▽

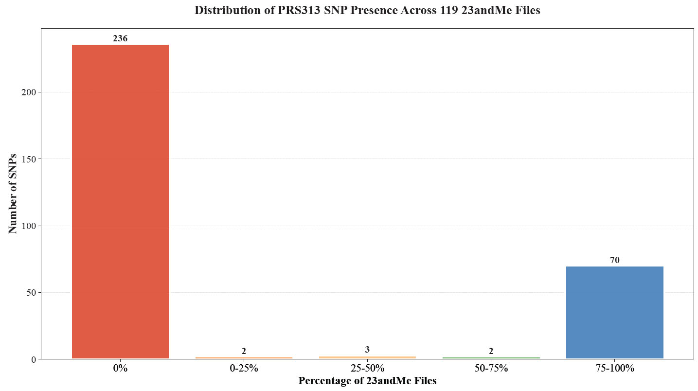 Distribution of PRS313_BC SNP Presence Across 119 23andMe Files from OpenSNP [14]. The bar chart shows the distribution of the presence of PRS313_BC SNPs across 119 23andMe V5 chip files. In total, 77 SNPs were found to be present within the 23andMe V5 chip. The x-axis represents the percentage of 23andMe files containing each SNP, divided into five ranges: 0%, 0-25%, 25-50%, 50-75%, and 75-100%. The y-axis indicates the number of SNPs within each range. A significant number of SNPs (236) are not present in any of the files (0%), while 70 SNPs are present in 75-100% of the files. The other ranges (0-25%, 25-50%, and 50-75%) contain very few SNPs, with counts of 2, 3, and 2, respectively. This distribution highlights the variability and inconsistency in SNP presence across different 23andMe V5 chip datasets.
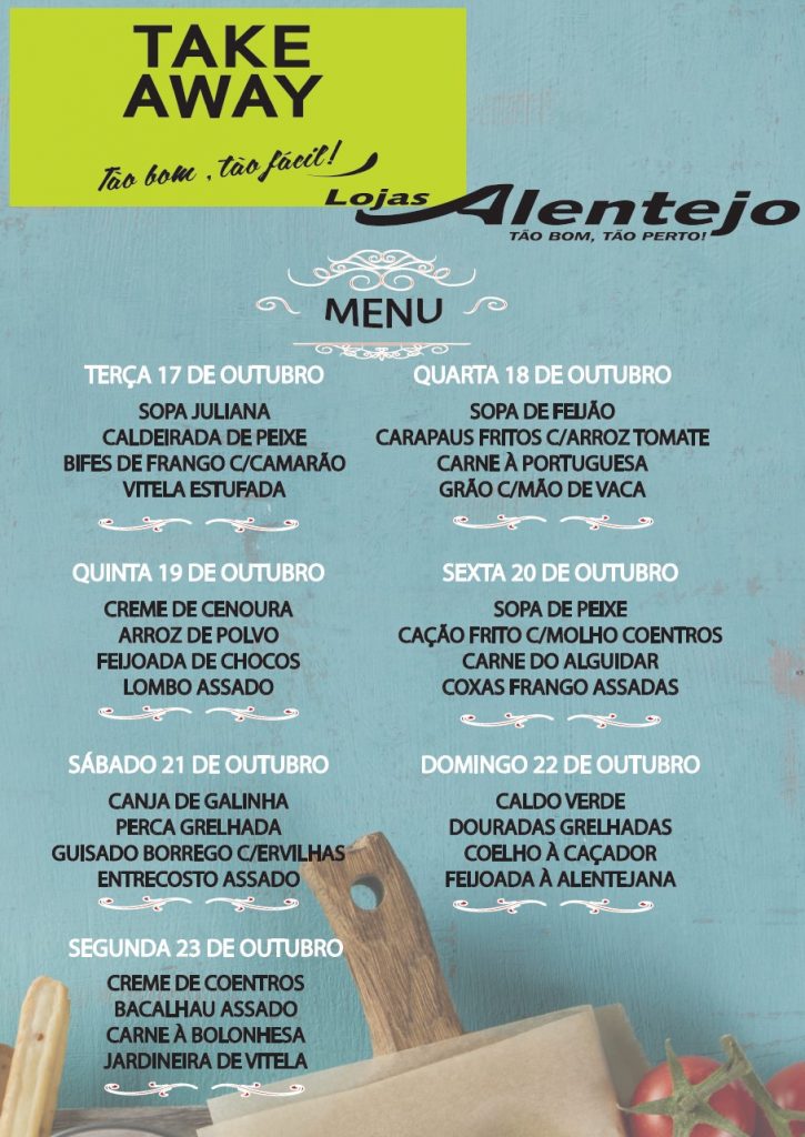 Lojas Alentejo: Take Away (Menu de 17 a 23 outubro)
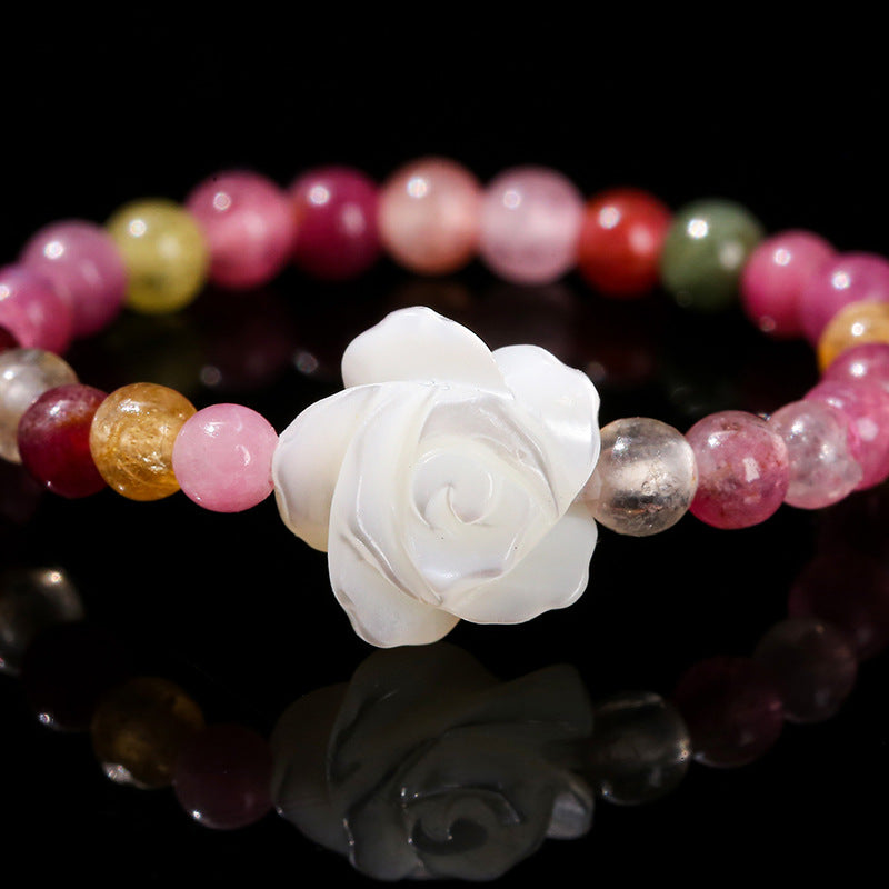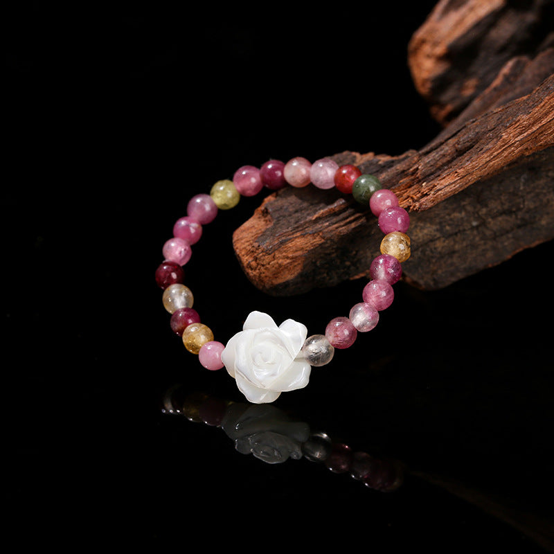 Handcrafted with care, the Multicolor Tourmaline Shell Rose Lucky Ring is designed to be both stylish and meaningful, making it a perfect gift or a personal charm for inviting abundance and happiness.
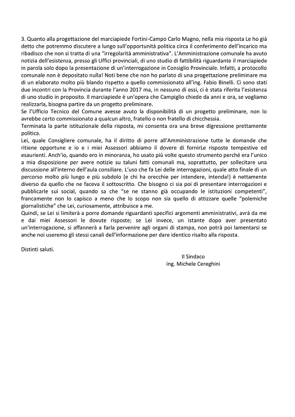 Risposta a lettera di Luciano Caola dd. 09/02/2018 prot. 1771
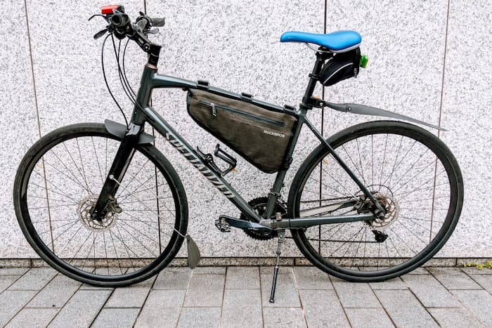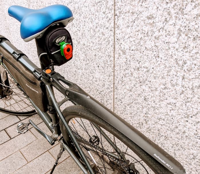 トピークのリアフェンダーがカッコいい。サドルバッグに着けたUber Eats配布のリアライトもいい感じ。

△

* [WHAT IS NEEDED] Leave every picture out, and transcribe the data above exactly as it reads.

* [REPLY]
 Distribution of PRS313_BC SNP Presence Across 119 23andMe Files from OpenSNP [14]. The bar chart shows the distribution of the presence of PRS313_BC SNPs across 119 23andMe V5 chip files. In total, 77 SNPs were found to be present within the 23andMe V5 chip. The x-axis represents the percentage of 23andMe files containing each SNP, divided into five ranges: 0%, 0-25%, 25-50%, 50-75%, and 75-100%. The y-axis indicates the number of SNPs within each range. A significant number of SNPs (236) are not present in any of the files (0%), while 70 SNPs are present in 75-100% of the files. The other ranges (0-25%, 25-50%, and 50-75%) contain very few SNPs, with counts of 2, 3, and 2, respectively. This distribution highlights the variability and inconsistency in SNP presence across different 23andMe V5 chip datasets.
 Lojas Alentejo: Take Away (Menu de 17 a 23 outubro)
 Handcrafted with care, the Multicolor Tourmaline Shell Rose Lucky Ring is designed to be both stylish and meaningful, making it a perfect gift or a personal charm for inviting abundance and happiness.
 Risposta a lettera di Luciano Caola dd. 09/02/2018 prot. 1771
 トピークのリアフェンダーがカッコいい。サドルバッグに着けたUber Eats配布のリアライトもいい感じ。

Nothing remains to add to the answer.